Quase todo sábado vejo uma mesma cena: a minha avó, sentadinha no sofá, empolgada em ver a neta e o bisneto chegarem juntos na casa dela. Aos 95 anos, miudinha, reclama do novo andador enquanto está sintonizada na TV e em tudo mais o que acontece à sua volta. Lúcida! Sábia! Resiliente! Outro dia, com seu carregado sotaque mineiro, tentou dizer em voz alta: “Pensa em tudo o que já fiz, nossenhora”. Nesse momento, me lembrei do meu pai e das minhas três tias contando com brilho nos olhos sobre como ela se dedicou ao trabalho de cuidar da família. Me pus a pensar, então, sobre como era a rotina de uma mãe de crianças e adolescentes por volta dos anos 1960. Você já para pensar quanto gasta com as crianças, versus estes custos no passado?
A comparação com este século, em que estamos agora, me deu um nó na cabeça. Enquanto vovó, com o controle remoto em mãos, alternava entre assistir o Terço de Aparecida e Largados e Pelados, iniciei mentalmente uma lista de gastos que deveriam fazer parte do orçamento doméstico do passado.
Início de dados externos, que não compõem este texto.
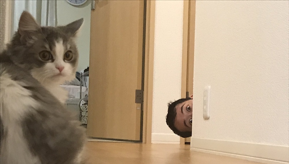 猫ちゃん側から見てみると、下からにゅっと出てきた旦那さんはほとんどホラー(!)。そんな飼い主の謎の行動を前に、困った表情で後ろを振り返り、どぅんたさんに「……ニャにこれ……?」と聞くような猫ちゃんの姿がかわいいです。そして同時に旦那さんのカメラ目線が強すぎる……!
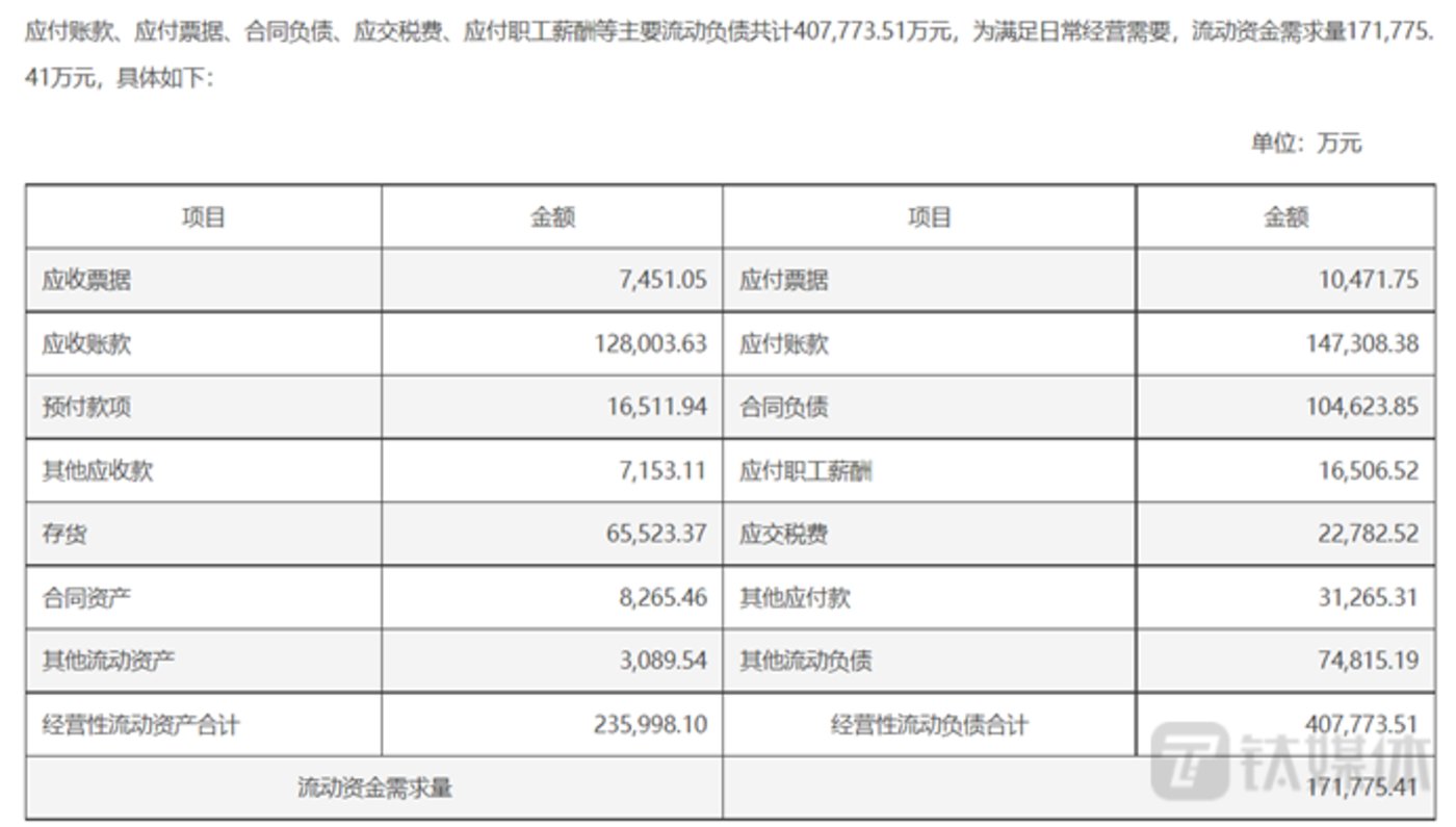 这个简单的“3=1-2”引起了钛媒体APP的注意,因为《再融资新规》落地后,一般情况下上市公司提出融资申请时,测算营运资金缺口的方法会先采用销售额比率法,基于未来几年的销售收入规模来预测营运资金需求,随后测算经营性流动资产和经营性流动负债规模,索菲亚缺失了第一步。

Ensino? Todos se formaram em renomadas escolas públicas. Colônia de férias? A meninada ocupava a rua. Brinquedos? Natureza. Escolinha de futebol? Qualquer lugar público com dois chinelos fazendo as vezes de trave já era o suficiente. Atividades extracurriculares? “Rouba bandeira” e “queimada” eram as coisas mais divertidas para se fazer após a aula. Eletrônicos? Rádio ou TV na hora da novela, do noticiário e do futebol.
E quem cuidava dessa criançada, gente? A tia, a prima, a vizinha, as amigas da igreja, o dono da mercearia… Plano de saúde? Com o celular em mãos, até “dei um Google” para descobrir quando a tradicional Unimed foi fundada. Resposta da busca: 1975. Hum, seguimos. Terapia? Claro que não! Aparelho invisível para os dentes? Menos ainda. Roupas? Certamente muito menos do que agora.
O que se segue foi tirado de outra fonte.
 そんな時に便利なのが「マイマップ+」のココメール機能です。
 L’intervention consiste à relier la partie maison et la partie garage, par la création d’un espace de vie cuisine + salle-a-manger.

É… no tempo dos nossos avós, talvez de nossos pais, a planilha de gastos com os filhos era bem diferente. As últimas férias escolares evidenciaram que o cuidado com os pequenos é mesmo uma grande responsabilidade, muitas vezes solitária e não mais coletiva, um desafio gigante diante de um contexto social e econômico centrado no papel dos pais — ou apenas da mãe, é preciso dizer.
Diferentes institutos de pesquisa têm divulgado dados que apontam retrocessos sobre a condição financeira das mulheres e, consequentemente, de sua autonomia.
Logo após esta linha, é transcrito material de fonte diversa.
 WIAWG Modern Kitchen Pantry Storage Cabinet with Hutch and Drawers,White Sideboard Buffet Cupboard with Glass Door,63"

“Creches ficam mais caras, dificultam o trabalho de mulheres e limitam toda a economia”, dizia o título de uma matéria de jornal de uma segunda-feira qualquer. O levantamento da ECA International apontou que a alta dos custos de cuidados infantis no mundo é um dos fatores que tira 10% do PIB global, graças à menor participação feminina no mercado de trabalho.
Segundo a Bloomberg Economics, estima-se que a economia perde US$ 237 bilhões por ano nos Estados Unidos e € 242 bilhões na União Europeia em razão da redução das cargas de trabalho das mulheres para cuidar dos filhos.
Para não trabalhar apenas para pagar escola, muitas mulheres estão optando por reduzir a carga horária, renunciar a promoções ou até mesmo desistir de tudo e ficar em casa.
Também por razões econômicas e patriarcais, estão sendo “escolhidas” para cuidar dos idosos, já que manter um profissional nessa função é tão caro ou mais caro do que um salário.
Agora é assim: toda vez que aguardo a água ferver para passar o café no coador de pano na casa da vovó, me pego refletindo sobre a evolução das responsabilidades e dos custos associados ao cuidado dos filhos e de todos.
E como isso dita o dia a dia das mulheres e de toda a sociedade. É crucial reconhecer os desafios contemporâneos — e a pressão financeira certamente é um deles.